- Born: 13 September 1954 (age 71)
- Education: Monash University
- Known for: Evolution of bird mating and parental care systems. Evolution of mammal and bird life histories.
- Scientific career
- Fields: Zoology, evolutionary ecology, animal behaviour
- Theses: The ecology of the genus Pseudomys in Victorian heath communities (Honours, 1975); The ecology of Pseudomys spp. in south-eastern Australia. (PhD, 1979);
- Doctoral advisor: Anthony K. Lee
- Notable students: Raoul Mulder, Penny Olsen

= Andrew Cockburn (ornithologist) =

Australian ornithologist (born 1954)

Andrew Cockburn FAA is an Australian evolutionary biologist who has been based at the Australian National University in Canberra since 1983. He has worked and published extensively on the breeding behaviour of antechinuses and superb fairy-wrens, and more generally on the biology of marsupials and cooperative breeding in birds.

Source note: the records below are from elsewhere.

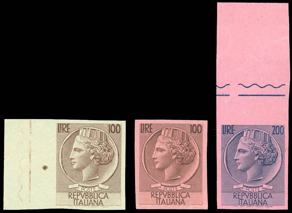 1954 - 100 e 200 lire Turrita (747/748), tre prove di stampa, su carta grigia per il primo e su carta rosa per entrambi, non dentellate, nuove senza gomma come sempre, perfette. Non comuni. Ex coll. Faberius.
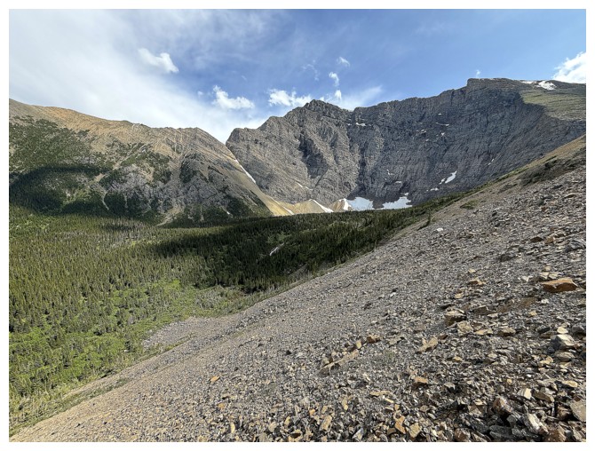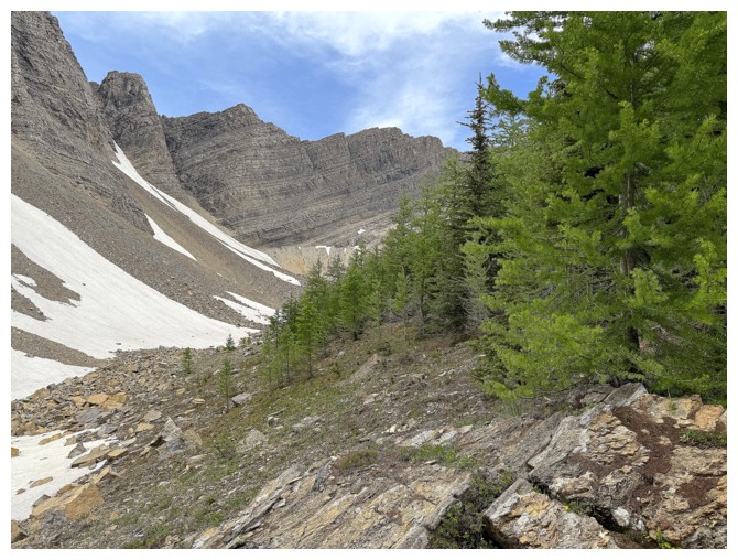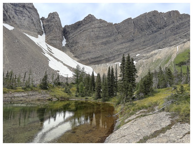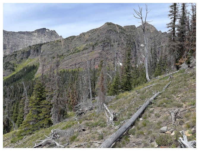 The ridge in front leads to The Senator. I need to be on the other side of that ridge where Dormaar Lake sits.
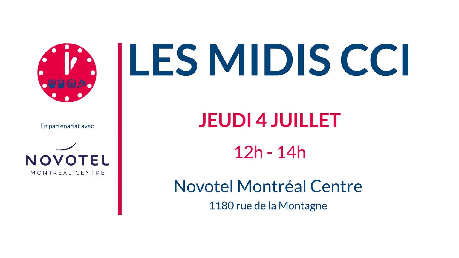 Les Midis CCI, nouveauté de 2019, sont l'occasion d'établir des relations d'affaires et de développer son réseau tout en partageant un verre et un repas. La troisième édition se déroulera au Novotel Montreal Centre, dans la salle Paris.
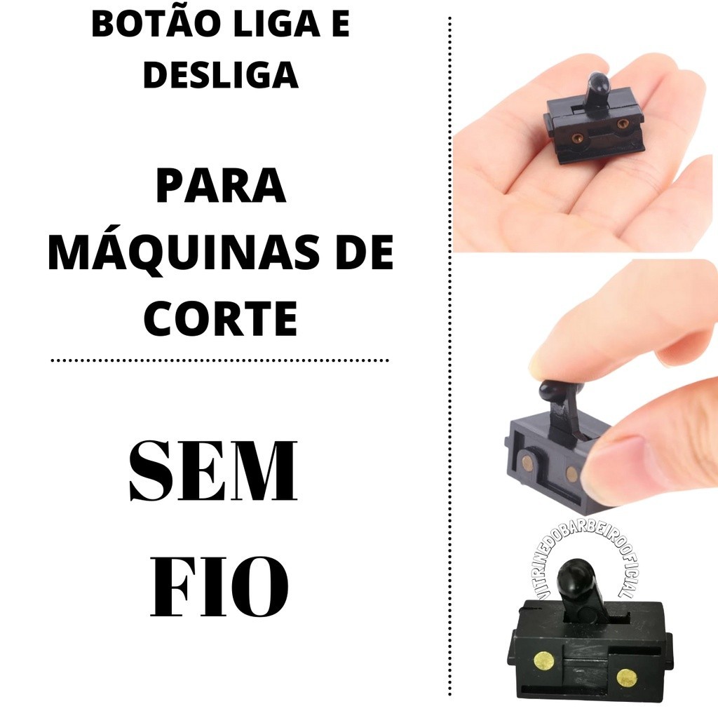 CHAVE LIGA E DESLIGA PARA MÁQUINAS DE CORTE SEM FIO - É UMA PEÇA DE REPOSIÇÃO PARA AS MÁQUINAS DE CORTE WAHL, KEMEI E WMARK; - O DIFERENCIAL DA NOSSA CHAVE É QUE ELA AJUSTA NA SUA MÁQUINA DE CORTE SEM FOLGA; - QUANDO A CHAVE É LIGADA, A MÁQUINA NÃO FICARÁ TREPIDANDO COM MAL CONTATO E TERÁ UMA DURABILIDADE MAIOR EM VIDA ÚTIL; - ACONSELHAMOS QUE ANTES DE REALIZAR A COMPRA VERIFIQUE SE SUA MÁQUINA POSSUI ESSA CHAVE INTERRUPTORA DE LIGA E DESLIGA; - TIRE OS PARAFUSOS DA SUA MÁQUINA; - TIRE A TAMPA E CONFIRME SE SUA CHAVE É A MESMA DA FOTO; ***OBSERVAÇÃO: A CHAVE NÃO SERVE NAS MÁQUINAS DE CORTE COM FIO ***ATENÇÃO - DEVIDO AOS INÚMEROS MODELOS DE MÁQUINAS DE CORTE NO MERCADO; - O MAIS INDICADO É FAZER A CONFIRMAÇÃO ANTES DA COMPRA, SEGUINDO AS RECOMENDAÇÕES NA DESCRIÇÃO DESTE ANÚNCIO. Item Incluso: 01 CHAVE LIGA E DESLIGA PARA MÁQUINAS DE CORTE SEM FIO =================================================================== *** Confira todos os nossos Produtos "EM MAIS ANÚNCIOS DO VENDEDOR", adicione ao carrinho e tenha o frete grátis oferecidos pela Shopee*** - Compra 100% Segura Pela Shopee, garantindo segurança da sua compra do início ao fim. Se por ventura houver algum problema a Shopee devolve seu dinheiro de forma prática e sem burocracia. - Todos nossos produtos com 7 dias de garantia. - Todos nossos produtos são a pronta entrega e temos o envio mais rápido da Shopee. Após a confirmação do pagamento seu pedido é enviado em até 24h. - Temos Satisfação em te Oferecer Produtos de Alta Qualidade! - Todas as fotos de nossos produtos são reais. - Adicione seus produtos no carrinho e Boas Compras!!! - Qualquer dúvida estamos á disposição! - Temos Satisfação em Atendê-lo (a).
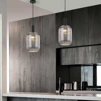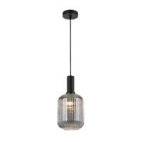 Colour and Material Fixture Colour: Black, Smoke Fixture Finish: Ribbed Fixture Material: Glass Cable Colour: Black Cable Material: Textile Canopy Colour: Black Glass Colour: Smoke Glass Finish: Gloss Size Fixture... Read more
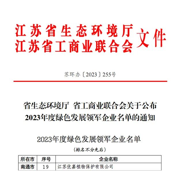 10月上旬,江蘇省生態(tài)環(huán)境廳與江蘇省工商業(yè)聯(lián)合會聯(lián)合發(fā)布“2023年度綠色發(fā)展領軍企業(yè)”名單,江蘇優(yōu)嘉植物保護有限公司成為南通唯一一家入選企業(yè),這也代表著公司成為了省級引領植保行業(yè)綠色發(fā)展的示范性標桿企業(yè)。
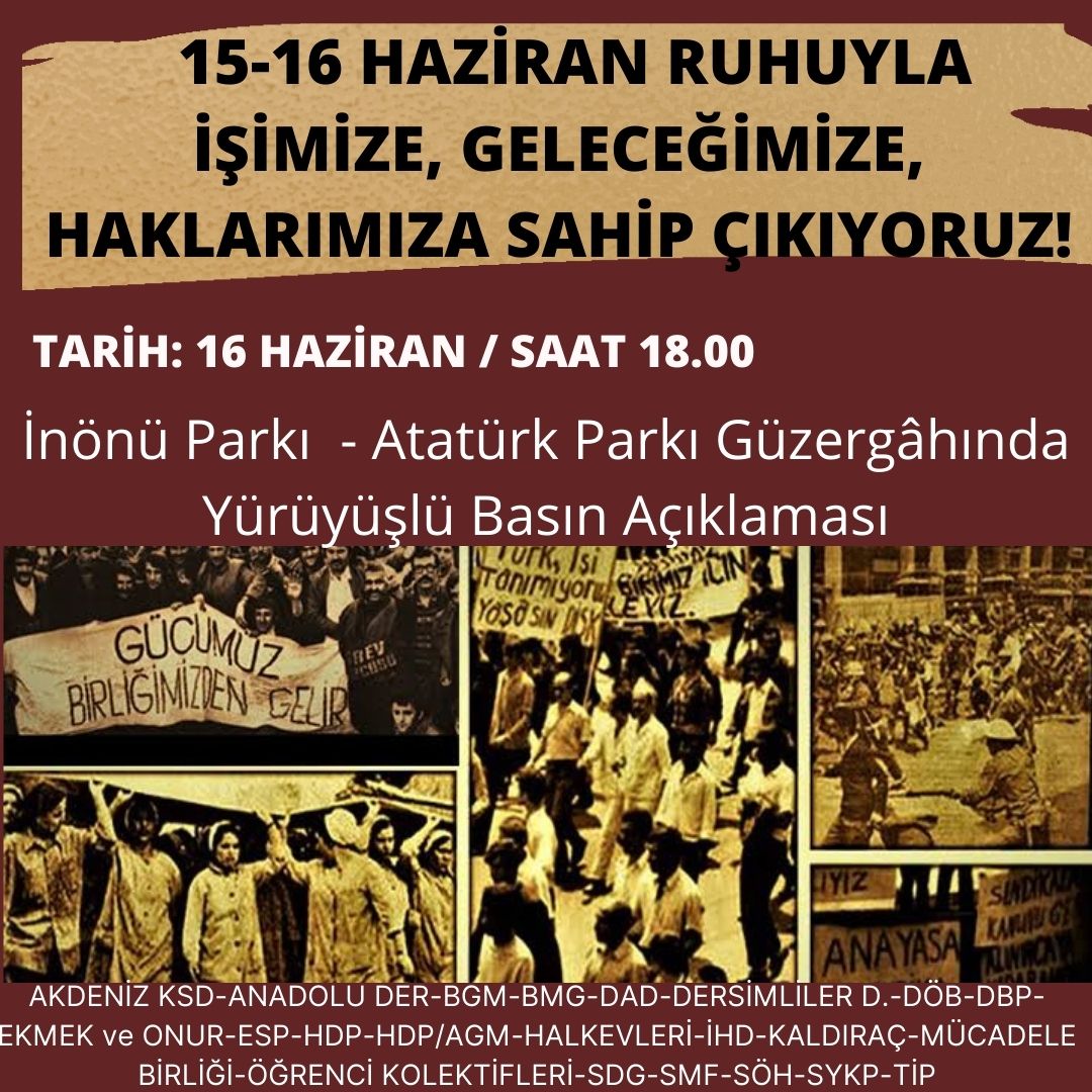 Adana’da 15-16 Haziran Büyük İşçi Direnişi’nin 51. Yıldönümünde devrimci demokrat yurtsever kurumlar “15-16 Haziran ruhuyla işimize, geleceğimize, haklarımıza sahip çıkıyoruz!” şiarıyla yürüyüş ve basın açıklaması düzenleyecek.
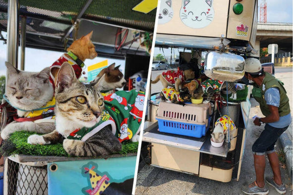 Çuvonq Tepko yerli sosial mediada məhz bu pişik arabası sayəsində məşhurlaşıb. Bu yaxınlarda taylandlı yenidən ev heyvanları ilə birlikdə 300 kilometrlik səyahətə çıxıb. Yerli könüllülər kişiyə maddi yardım ediblər və o, həmin pulla pişik arabası alıb.
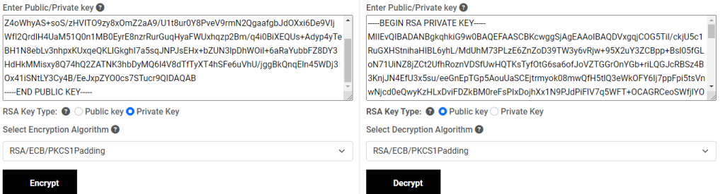 - 그것을 복사해서 우측 <RSA Decryption>에 붙여넣기 한 다음
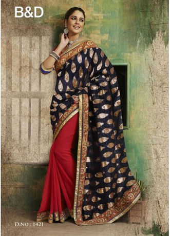 Red and Black Embroidery saree its work based on embroidery work and handwork, with dupian blouse, D-Bemberg skirt and Viscose pallu.
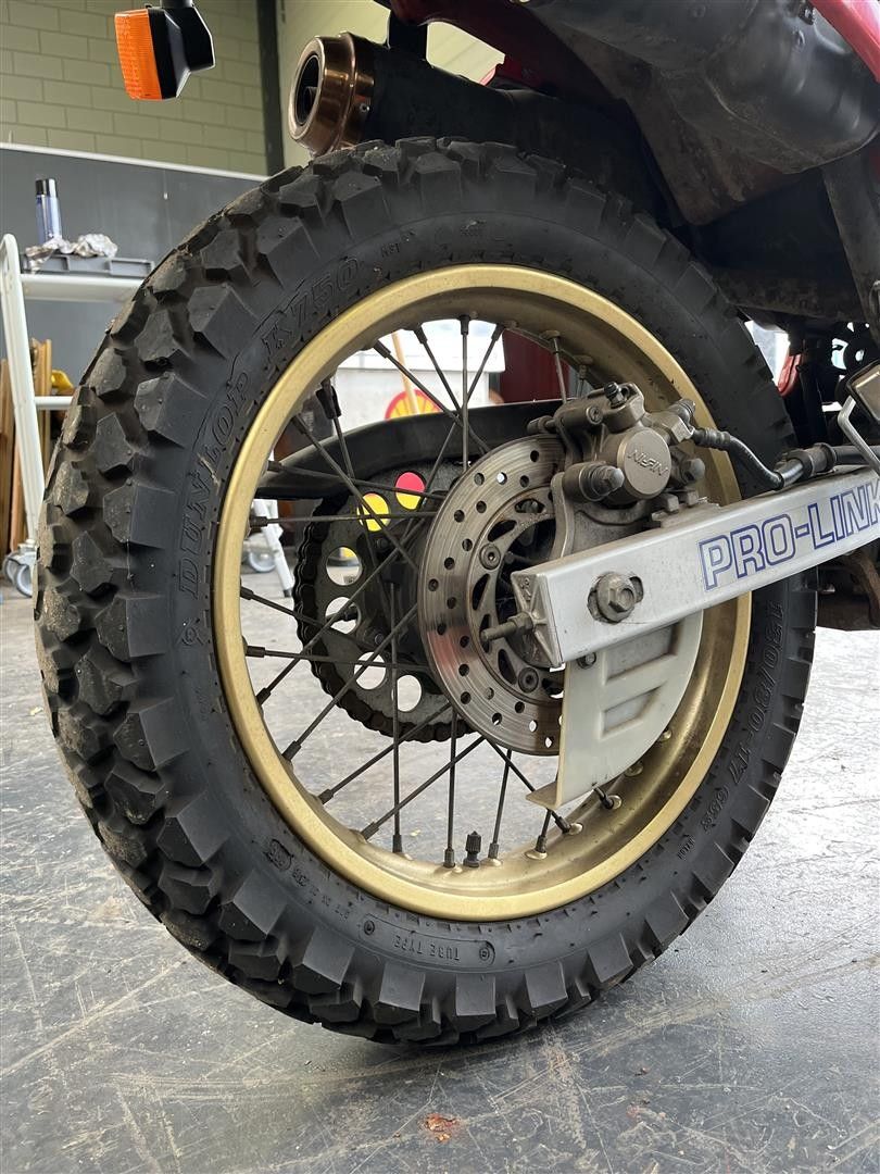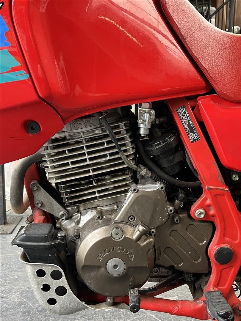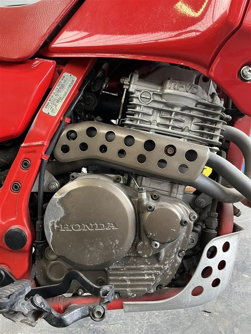Honda Dominator NX 650, 1988, quatre cylindres de 644 cm3, refroidi par air.
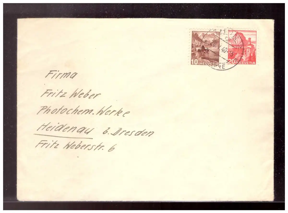 Schweiz (022516) Brief mit OKW Zensur gelaufen Thun nach Heidenau b. Dresden am 28.5.1940
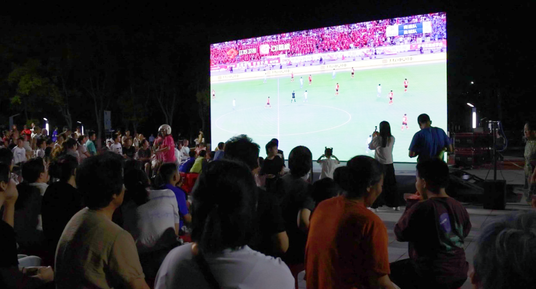當“護苗”活動的溫情余韻未散,口袋公園臨時架設的大屏幕瞬間亮起,將在南通足球訓練中心如皋基地的綠茵場搬到了居民眼前。“蘇超”激烈的角逐牢牢抓住了大家的視線,每一次精妙的傳球配合、驚險的門前救險,都引發此起彼伏的驚嘆、歡呼與掌聲。老人們搖著扇子點評戰術,年輕人熱血沸騰討論賽況,孩子們雖不完全懂規則,也被現場熱烈的氣氛所感染,跟著大人一起鼓掌。小小的口袋公園化身公共客廳,足球的魅力將不同年齡層的居民緊密聯結,點燃了小鎮夏夜的熱情。

His work on fairy-wrens is based around a detailed long-term study of their curious mating and social system at the Australian National Botanic Gardens.

In 2001, Cockburn was elected a Fellow of the Australian Academy of Science (FAA) and awarded the Centenary Medal. He was awarded the academy's Gottschalk Medal in 1988 and the Edgeworth David Medal of the Royal Society of New South Wales in 1987. In 2004, Cockburn was awarded the Royal Australasian Ornithologists Union's D.L. Serventy Medal, which recognises excellence in published work on birds in the Australasian region. In 2010, he was awarded the Ellis Troughton Medal and Fellowship of the Australian Mammal Society for his research on Australian mammals. In 2012, he gave the Tinbergen Lecture of the Association for the Study of Animal Behaviour. Since 2014, he has been emeritus professor of evolutionary ecology and natural history in the Research School of Biology at the Australian National University.